═══ EXERCISE DATA ═══

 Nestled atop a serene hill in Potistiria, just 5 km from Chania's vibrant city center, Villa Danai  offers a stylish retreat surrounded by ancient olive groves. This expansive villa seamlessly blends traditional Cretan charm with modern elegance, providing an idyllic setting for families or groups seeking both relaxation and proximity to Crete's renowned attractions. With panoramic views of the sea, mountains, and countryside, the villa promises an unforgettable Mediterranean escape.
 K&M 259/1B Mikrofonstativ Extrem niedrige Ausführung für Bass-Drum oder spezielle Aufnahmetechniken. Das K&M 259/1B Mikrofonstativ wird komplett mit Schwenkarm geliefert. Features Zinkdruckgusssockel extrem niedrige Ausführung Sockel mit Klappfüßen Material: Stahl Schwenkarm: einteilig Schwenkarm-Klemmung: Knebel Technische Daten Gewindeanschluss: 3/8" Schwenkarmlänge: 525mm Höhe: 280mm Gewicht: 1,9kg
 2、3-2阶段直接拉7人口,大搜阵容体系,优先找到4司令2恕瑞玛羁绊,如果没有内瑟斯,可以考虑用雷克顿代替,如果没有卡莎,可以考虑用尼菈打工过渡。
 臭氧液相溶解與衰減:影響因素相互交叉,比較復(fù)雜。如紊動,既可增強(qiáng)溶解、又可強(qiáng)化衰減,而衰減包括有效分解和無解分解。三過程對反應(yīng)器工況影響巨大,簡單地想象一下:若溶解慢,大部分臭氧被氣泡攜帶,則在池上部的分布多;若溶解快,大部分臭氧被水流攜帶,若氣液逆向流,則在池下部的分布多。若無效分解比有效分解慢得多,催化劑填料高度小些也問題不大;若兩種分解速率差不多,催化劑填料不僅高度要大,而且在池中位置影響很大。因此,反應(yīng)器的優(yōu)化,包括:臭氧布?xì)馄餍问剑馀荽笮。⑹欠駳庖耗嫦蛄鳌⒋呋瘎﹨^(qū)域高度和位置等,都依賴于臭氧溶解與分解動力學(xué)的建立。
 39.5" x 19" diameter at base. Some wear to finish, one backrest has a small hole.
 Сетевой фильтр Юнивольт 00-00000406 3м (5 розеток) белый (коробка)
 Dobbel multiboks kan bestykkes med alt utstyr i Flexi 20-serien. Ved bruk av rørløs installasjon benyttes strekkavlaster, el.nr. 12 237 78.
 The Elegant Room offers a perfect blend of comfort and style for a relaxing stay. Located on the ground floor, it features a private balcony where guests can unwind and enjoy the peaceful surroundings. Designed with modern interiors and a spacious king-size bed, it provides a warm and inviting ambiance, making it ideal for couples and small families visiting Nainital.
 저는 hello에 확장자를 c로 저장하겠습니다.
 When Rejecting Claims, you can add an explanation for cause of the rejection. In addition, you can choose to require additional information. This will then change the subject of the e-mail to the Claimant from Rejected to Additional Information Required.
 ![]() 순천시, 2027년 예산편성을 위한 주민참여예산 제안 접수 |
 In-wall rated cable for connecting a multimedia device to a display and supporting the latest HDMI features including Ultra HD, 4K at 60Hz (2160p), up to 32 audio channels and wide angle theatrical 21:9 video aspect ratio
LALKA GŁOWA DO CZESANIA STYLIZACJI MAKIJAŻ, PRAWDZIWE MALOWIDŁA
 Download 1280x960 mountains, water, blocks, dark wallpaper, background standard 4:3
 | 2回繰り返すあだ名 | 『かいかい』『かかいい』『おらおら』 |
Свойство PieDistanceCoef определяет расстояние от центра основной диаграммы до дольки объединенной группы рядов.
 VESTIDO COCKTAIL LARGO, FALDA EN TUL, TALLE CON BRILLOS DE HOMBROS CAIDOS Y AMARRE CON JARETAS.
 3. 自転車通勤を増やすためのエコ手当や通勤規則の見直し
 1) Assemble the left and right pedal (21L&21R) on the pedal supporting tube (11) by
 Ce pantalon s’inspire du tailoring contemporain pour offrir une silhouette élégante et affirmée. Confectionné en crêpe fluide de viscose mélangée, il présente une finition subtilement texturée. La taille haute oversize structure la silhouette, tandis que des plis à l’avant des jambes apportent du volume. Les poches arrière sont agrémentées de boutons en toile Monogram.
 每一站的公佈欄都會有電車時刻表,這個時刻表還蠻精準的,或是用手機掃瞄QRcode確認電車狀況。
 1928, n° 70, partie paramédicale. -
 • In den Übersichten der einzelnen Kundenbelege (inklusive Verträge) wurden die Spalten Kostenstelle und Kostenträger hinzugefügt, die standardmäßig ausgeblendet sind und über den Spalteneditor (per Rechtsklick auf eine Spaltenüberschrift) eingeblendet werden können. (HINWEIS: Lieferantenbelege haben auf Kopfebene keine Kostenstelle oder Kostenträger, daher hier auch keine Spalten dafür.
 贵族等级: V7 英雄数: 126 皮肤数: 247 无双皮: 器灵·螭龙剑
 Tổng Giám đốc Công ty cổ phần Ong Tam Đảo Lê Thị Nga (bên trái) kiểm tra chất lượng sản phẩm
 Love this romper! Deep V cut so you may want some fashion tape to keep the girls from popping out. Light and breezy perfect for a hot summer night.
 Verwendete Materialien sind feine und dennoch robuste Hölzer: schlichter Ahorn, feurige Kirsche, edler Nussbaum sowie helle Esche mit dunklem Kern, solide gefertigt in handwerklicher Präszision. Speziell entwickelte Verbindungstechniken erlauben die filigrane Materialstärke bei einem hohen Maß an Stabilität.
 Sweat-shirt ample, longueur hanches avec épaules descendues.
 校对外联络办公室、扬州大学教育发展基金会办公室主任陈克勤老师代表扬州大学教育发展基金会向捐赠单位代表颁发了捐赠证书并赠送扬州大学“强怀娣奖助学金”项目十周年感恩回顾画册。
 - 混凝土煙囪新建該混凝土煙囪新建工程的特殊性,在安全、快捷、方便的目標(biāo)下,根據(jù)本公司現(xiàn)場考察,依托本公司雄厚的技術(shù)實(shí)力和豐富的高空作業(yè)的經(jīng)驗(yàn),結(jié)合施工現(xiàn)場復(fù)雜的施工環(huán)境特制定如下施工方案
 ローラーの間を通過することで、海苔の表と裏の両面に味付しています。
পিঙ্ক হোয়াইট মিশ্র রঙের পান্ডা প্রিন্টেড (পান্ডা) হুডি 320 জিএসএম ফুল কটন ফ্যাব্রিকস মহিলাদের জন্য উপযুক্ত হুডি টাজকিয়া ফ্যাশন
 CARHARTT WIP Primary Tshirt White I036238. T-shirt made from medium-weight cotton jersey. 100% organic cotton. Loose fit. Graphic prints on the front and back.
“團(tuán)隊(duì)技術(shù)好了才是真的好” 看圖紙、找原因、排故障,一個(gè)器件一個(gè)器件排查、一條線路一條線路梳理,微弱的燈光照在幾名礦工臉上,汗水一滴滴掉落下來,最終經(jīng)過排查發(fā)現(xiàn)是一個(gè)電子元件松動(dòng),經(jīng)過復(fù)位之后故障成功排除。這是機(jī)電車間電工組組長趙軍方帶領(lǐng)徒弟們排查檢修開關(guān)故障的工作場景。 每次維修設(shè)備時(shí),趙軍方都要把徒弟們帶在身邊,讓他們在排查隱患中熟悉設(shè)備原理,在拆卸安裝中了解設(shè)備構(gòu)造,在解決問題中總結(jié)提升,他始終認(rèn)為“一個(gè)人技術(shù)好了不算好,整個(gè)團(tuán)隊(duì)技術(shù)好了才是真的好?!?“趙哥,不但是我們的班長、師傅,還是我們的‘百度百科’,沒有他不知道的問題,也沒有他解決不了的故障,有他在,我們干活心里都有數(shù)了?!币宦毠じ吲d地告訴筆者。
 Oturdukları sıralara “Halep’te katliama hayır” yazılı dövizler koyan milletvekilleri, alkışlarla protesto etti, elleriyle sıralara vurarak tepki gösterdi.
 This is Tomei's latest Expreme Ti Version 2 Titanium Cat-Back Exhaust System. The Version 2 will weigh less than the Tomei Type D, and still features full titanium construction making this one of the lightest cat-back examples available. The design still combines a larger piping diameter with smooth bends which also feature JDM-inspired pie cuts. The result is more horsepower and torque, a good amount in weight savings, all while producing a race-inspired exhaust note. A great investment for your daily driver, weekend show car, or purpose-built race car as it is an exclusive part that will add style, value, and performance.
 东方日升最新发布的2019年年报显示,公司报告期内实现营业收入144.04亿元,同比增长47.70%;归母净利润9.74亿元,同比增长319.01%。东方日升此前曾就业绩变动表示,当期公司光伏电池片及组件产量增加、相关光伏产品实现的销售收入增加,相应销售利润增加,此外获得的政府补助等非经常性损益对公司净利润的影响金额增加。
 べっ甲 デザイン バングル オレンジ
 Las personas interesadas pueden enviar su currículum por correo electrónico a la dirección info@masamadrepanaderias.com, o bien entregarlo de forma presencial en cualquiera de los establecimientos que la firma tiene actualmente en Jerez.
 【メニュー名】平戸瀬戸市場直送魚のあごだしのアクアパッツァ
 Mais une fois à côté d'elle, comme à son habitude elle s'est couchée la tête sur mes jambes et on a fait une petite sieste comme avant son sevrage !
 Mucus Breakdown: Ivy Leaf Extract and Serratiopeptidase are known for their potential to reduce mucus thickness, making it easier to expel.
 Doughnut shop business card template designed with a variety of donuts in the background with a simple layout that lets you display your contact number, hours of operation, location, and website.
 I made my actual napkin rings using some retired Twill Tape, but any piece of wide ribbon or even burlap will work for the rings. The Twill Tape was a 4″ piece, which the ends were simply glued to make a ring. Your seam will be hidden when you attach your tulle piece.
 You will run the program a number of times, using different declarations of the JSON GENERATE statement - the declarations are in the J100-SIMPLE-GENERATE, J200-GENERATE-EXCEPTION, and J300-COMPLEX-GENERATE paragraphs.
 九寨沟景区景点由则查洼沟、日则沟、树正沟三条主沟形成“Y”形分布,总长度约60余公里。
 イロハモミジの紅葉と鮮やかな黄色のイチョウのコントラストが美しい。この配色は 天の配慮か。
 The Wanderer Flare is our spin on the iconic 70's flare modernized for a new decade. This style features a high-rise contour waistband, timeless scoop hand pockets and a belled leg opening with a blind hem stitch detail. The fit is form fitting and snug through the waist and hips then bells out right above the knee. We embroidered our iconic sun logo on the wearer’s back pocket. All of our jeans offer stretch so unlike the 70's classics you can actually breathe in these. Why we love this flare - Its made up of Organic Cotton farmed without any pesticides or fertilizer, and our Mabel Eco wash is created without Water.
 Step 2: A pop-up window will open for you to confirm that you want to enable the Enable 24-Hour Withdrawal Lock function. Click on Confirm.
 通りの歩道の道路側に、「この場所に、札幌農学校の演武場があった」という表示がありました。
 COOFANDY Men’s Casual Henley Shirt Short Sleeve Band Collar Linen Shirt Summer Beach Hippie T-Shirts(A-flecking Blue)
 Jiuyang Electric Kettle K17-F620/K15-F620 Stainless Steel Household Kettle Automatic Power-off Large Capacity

═══

§ **ASSIGNMENT**:
The answer is the run of lines above from the line containing "In-wall rated cable" through the line containing "1) Assemble the", copied exactly and alone.

§ **EXERCISE ANSWER**:
 In-wall rated cable for connecting a multimedia device to a display and supporting the latest HDMI features including Ultra HD, 4K at 60Hz (2160p), up to 32 audio channels and wide angle theatrical 21:9 video aspect ratio
LALKA GŁOWA DO CZESANIA STYLIZACJI MAKIJAŻ, PRAWDZIWE MALOWIDŁA
 Download 1280x960 mountains, water, blocks, dark wallpaper, background standard 4:3
 | 2回繰り返すあだ名 | 『かいかい』『かかいい』『おらおら』 |
Свойство PieDistanceCoef определяет расстояние от центра основной диаграммы до дольки объединенной группы рядов.
 VESTIDO COCKTAIL LARGO, FALDA EN TUL, TALLE CON BRILLOS DE HOMBROS CAIDOS Y AMARRE CON JARETAS.
 3. 自転車通勤を増やすためのエコ手当や通勤規則の見直し
 1) Assemble the left and right pedal (21L&21R) on the pedal supporting tube (11) by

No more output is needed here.